Using Norms in the Interpretation of Test Results
As scientists in the field of psychology we seek to understand, predict and control human behaviour. In clinical, industrial and educational settings psychologists make attributions as to the cause, or likelihood, of behaviour based on evidence gathered from observational, interview, and assessment data.
Research into the process of making attributions and building theories or schema of people’s behaviours shows the process is fraught with difficulties, even with professionals involved (Meehl, 1954; Sawyer, 1966). Attributions are seldom made on the full range of available data as Heider (1958) or Kelly (1967) would have liked to believe. Difficulties include:
- characterising information on the basis of preexisting theories (Nisbett and Ross, 1980).
- extreme examples overly influencing judgements (Rothbart, Fulero, Jensen, Howard, & Birrell, 1978).
- people being unaware of the effects of small (Nisbett & Ross, 1980) or unrepresentative samples (Hamill, Wilson, & Nisbett, 1980).

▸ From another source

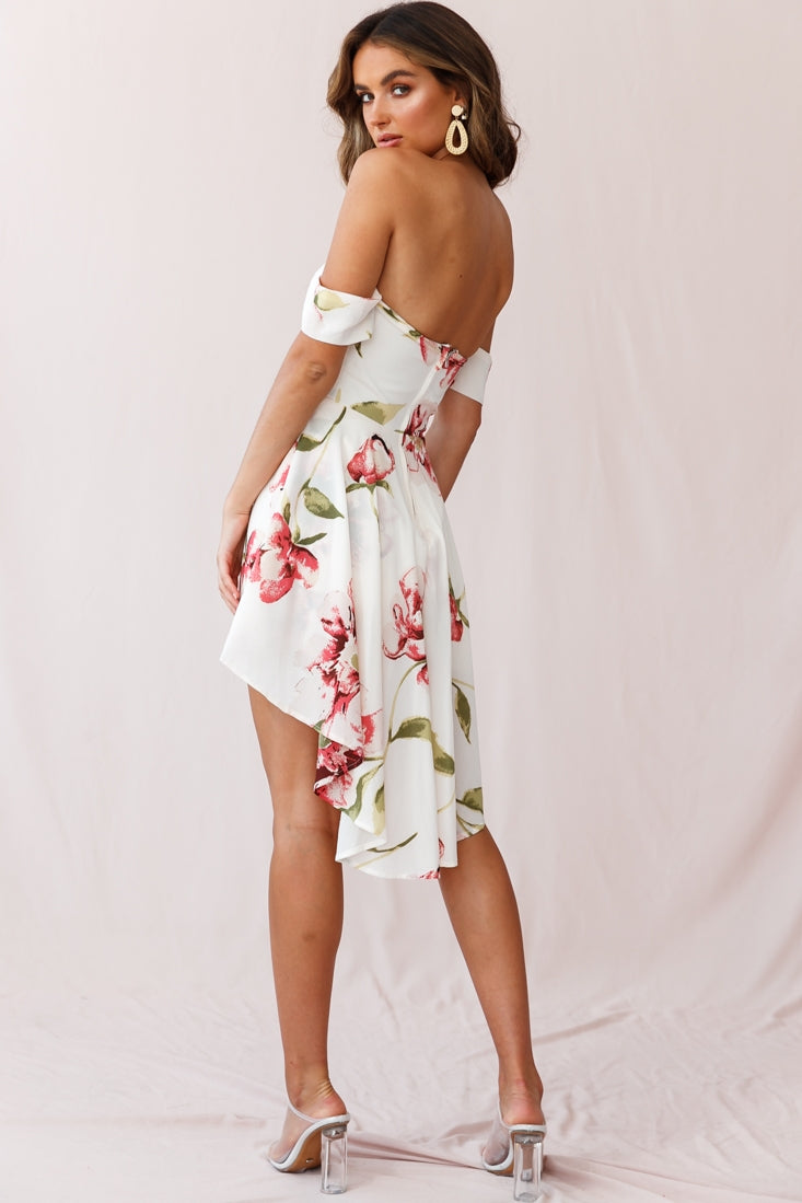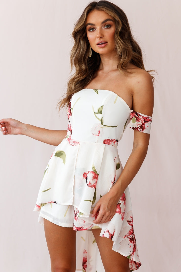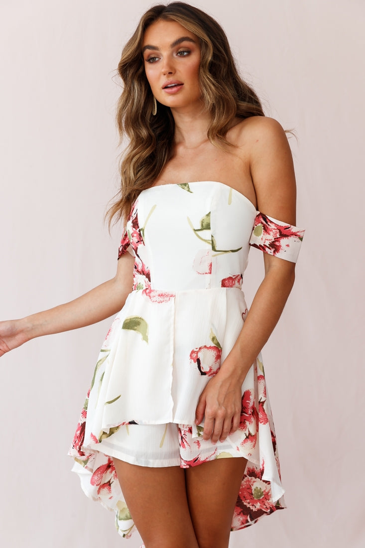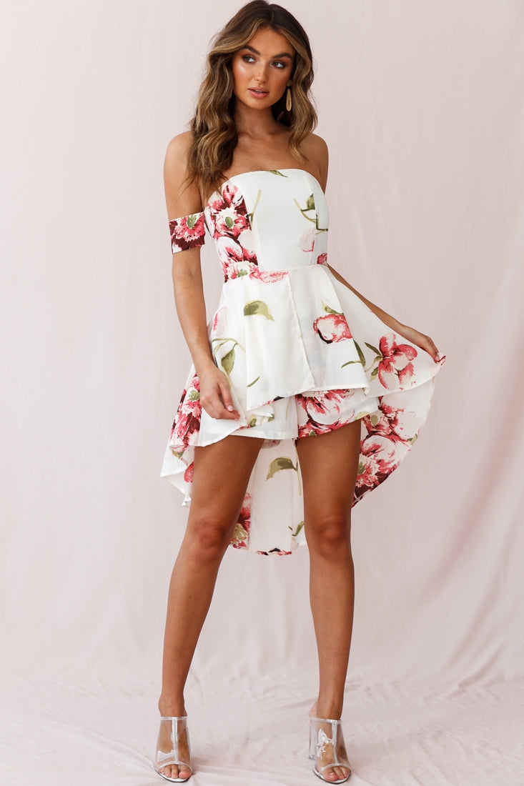 Pretty as a picture! This off-the-shoulder, high-low romper features breezy fabric in a stunning floral print. Perfect for a garden wedding or lunch with your ladies! Pair with nude pumps and delicate jewelry for a super chic, feminine look.

- underutilising base rate information (Hamill et al., 1980).
Of all the problems of building our judgements about people the last point is arguably the easiest to control. Through using objective assessment techniques (after evaluation of the psychometric qualities of the tools) we can make judgements confident that the results are going to give a measure of the consistency of an individual’s behaviour (based on the reliability of the tool and validity of its predictions) and its uniqueness (based on the comparison of the result to appropriate groups).